The funniest thing about my second trip to the Philippines was that I didn't have a single whore ask me to marry her. Whether it was because I was with friends the entire time, because I knew where I was going all the time, because half the time I went to places too seedy for sex tourists, or because the look in my eyes told them I'd make an exception to the no-hitting-women rule if one of them tried to talk to me is something I'll never really bother trying to figure out. As with the 2008 Phillies, results are all that really matters.

I followed my Filipino friends around the night they went around singing Christmas carols for money.

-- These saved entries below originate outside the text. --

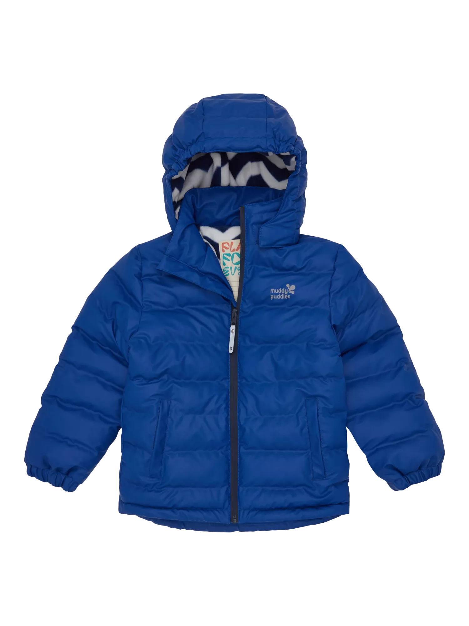 This cosy blue puffer is made for the chilliest and rainiest adventures. Fully waterproof to 10,000mm with welded seams and a waterproof zip, the jacket ensures not a drop of rain gets in. Featherless insulation and a fleece-lining keeps young explorers warm and snug. Reflective zip pulls boost visibility in low lighting and secure pockets are ideal for stashing found treasures.
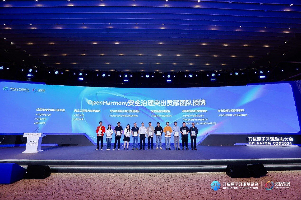 9 月 26 日,2024 开放原子开源生态大会 OpenHarmony 生态主题演讲在北京成功举办。在此次会议中,对为 OpenHarmony 开源社区安全治理作出杰出贡献的团队和个人进行了授牌,以表彰他们在社区安全治理工作中的卓越贡献,为 OpenHarmony 社区的安全稳定提供了有力保障。
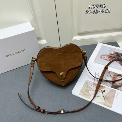 新款COCCINELLE可奇奈尔斜跨包,磨砂皮配牛皮,型号H03310、尺寸:21X19X8CM

The caroling wasn't so much fun, but it was pretty fun going to Juliana's, the club that plays more Korean music than I've ever heard in a Korean club, and watching my buddy Marco strike out with a girl that didn't even realize he was hitting on her.

Christmas Eve 2008 was like every Christmas Eve would be in a perfect world. I spent the afternoon drinking dollar beers at a cockfight with my buddies Mark and Jovel, where some guy tried to sell me a rooster, then took an overcrowded van with my girl to the village of Balamban. It was night, the fog was so thick you couldn't see more than 30 feet in front of you, and the van went through the mountains at speeds that would've been dangerous for that heap of scrap metal in the best of conditions. Balamban was a true third world Roman Catholic small town. The church there looked like something out of a Quentin Tarantino movie, and the crowd at Mass was cultic. Since the ocean was just a few hundred yards away, we decided to stroll down to it.

I've never walked through a mine field, but it's probably not very different from that walk to the water. I didn't see anyone get hurt, but it's a miracle with the way those adolescents throw fireworks around. More than once I almost got hit. I love a roman candle fight every now and then, and even the time I got hit in the neck wasn't bad, but you don't throw fireworks out on a sidewalk while there's a crowd trying to use it. After that I had a couple of beers with her bro in a house in the middle of the jungle that doesn't have running water, before retiring underneath a mosquito net. Christmas Day was one of the most uneventful days I've ever had. I just ate a lot and enjoyed the weather.

The following afternoon we went to Bohol. In case anyone ever thinks about going to Bohol, here's my advice: the Western food tastes just like the Western food in America, the beer is cheap, and there's plenty to do. Just don't go alone, because almost all of the foreigners there are German divers who keep to themselves. The Chocolate Hills were picturesque, Alona Beach is nice, and some local stuck a tarsier ( tiny monkey ) on my arm and took my picture to get a tip. I don't know how illegal this was, but I know there were signs everywhere in English saying not to touch them, and when other people asked him to take their pictures with the tarsiers, he put them back on the tree and played dumb about it.

Because she was worried it would be hard for me to say goodbye, my girlfriend had the brilliant idea to make it easier on me by getting me wasted right before I got on the red-eye flight home. From what she's told me, I unintentionally pissed off an armed guard at a local fast food joint ( yeah guys, the Philippines is poor enough that fast food restaurants need guards with guns ). After getting to the airport, I passed out and woke up in a strange, dimly-lit bus that have a cavey feel to it. The only thing weirder than waking up in the middle of the night on a bus you don't remember getting on is when you are told by a lady who works on the bus that you can't get off because you're in the air. I'm pretty sure I'll never understand how I made it through airport security, took out my contacs and put them in their case, and even thought to stick my glasses in my pocket before nodding off, but couldn't tell the difference between an airplane and a bus.